One example here is the unique brazing furnace at Behr India. With the assistance of Behr GmbH it has been able to reduce the scrap rate in the brazing process to below the global level. Behr provided the technical knowhow and trained the local operating engineers at its plant in Spain.

For businesses that have no foreign partners, the corporate group provides the lead. “The advantage of our system is our ability to use the knowledge we gain from every JV and horizontally deploy it for every other group company’s benefit,” Srivastava says. While all measures taken in 2007 were internal, in 2008 Anand is going to take the campaign to its suppliers. “Our manufacturing depends significantly on supplier quality, and we have significant quality issues here. Of the 1,200 suppliers we have all over the country, some are bigger than we,” says Patel. “The logistics are daunting.” One simple rule of COPQ is to first arrest a bad product going out of the door. So the group decided to internalise the cost, so at least the vehicle manufacturer or the ultimate owner of the vehicle did not get hit by quality issues. “Initially the cost even went up in some cases, because what we hadn’t arrested till then was leaking out,” he adds.

This was a dire imperative because a large part of the group’s production goes abroad to its partners, ether as parts or subassemblies. “In fact, Jaguar has some parts made by the Gabriel plant in Chakan. With that brand and prestige, if one part has a problem, we have a huge problem, maybe 10,000 times the cost of that part. And the damage to our reputation, which you can’t put a value on.” In his new role Srivastava has been tasked to put together a group that will work on supplier quality, apart from each company’s own groups.
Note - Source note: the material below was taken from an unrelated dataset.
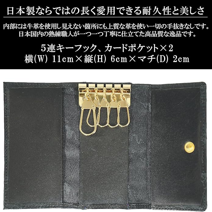 【日本の熟練職人が丹精込めて仕立てた高級キーケース】 数あるエキゾチックレザーの中で絶大な人気を誇る、「皮革の宝石」クロコダイル革を惜しみなく使用。 圧倒的な存在感で周囲の人からの評価が上がり、あなた自身の装いをより魅力的にしてくれます。 本体はシックで落ち着いたブラックのクロコダイル革、金具には華やかなゴールドの5連キーフックを採用し、 洗練された大人のためのラグジュアリーなデザインに仕上げました。

This will be a central team with leadership based in Chennai, and supported with staff and engineers regionally. Given that 80 percent of the quality problems originate from 20 percent of the suppliers, the ‘supply chain council’ will develop a process to identify vendors who need assistance, and what kind of assistance. Experts are being deployed for each company, such as for example a senior operations head from Tata Motors who will work with some of the key vendors of Spicer.

Srivastava explains that if it was the companies themselves doing it, they would take a more short-term approach. But now, with volumes picking up at a rapid pace, the individual Anand companies’ ability to make corrections with the suppliers by means of knowledge backing – and indeed their willingness to do this – is not what it should be.
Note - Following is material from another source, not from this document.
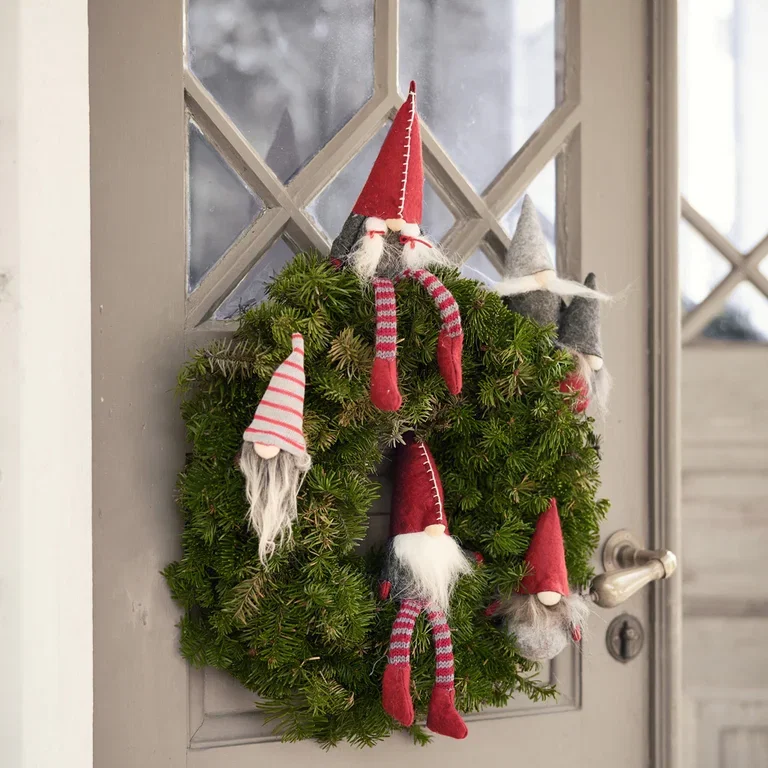 Hvis du ikke har lyst til å lage en krans fra bunnen, finner du ferdige kranser hos oss med granbar som du kan dekorere selv. Søte nisser kan også få plass på kransen.

“Of course, while the primary responsibility rests with the company, we will still develop a core group that provides assistance and also a panel of domain experts,” he adds. The suppliers too will have to invest, but the group will provide that initial spark. Here too the JV partners will be involved. As an example, Srivastava cites ICML in Vadodara, which is a big supplier to Behr for exports. “Behr India has a global sourcing team that will help them improve, using our processes and methodology — the Anand Production System . The strategy is long-term and not certificate-driven, he points out. Whatever gains are won must be sustainable over an extended period. “As a group we’re saying we should see significant progress at the end of three years. Results won’t come overnight, but we believe that in three years it will become ingrained, it will have caught on in the full supply chain,” Srivastava says.

The Anand Group is among the best in the component industry in delivery and partnership, he declares. “Our vision is, over the next few years, when people think Anand, regardless of which company, they think quality.”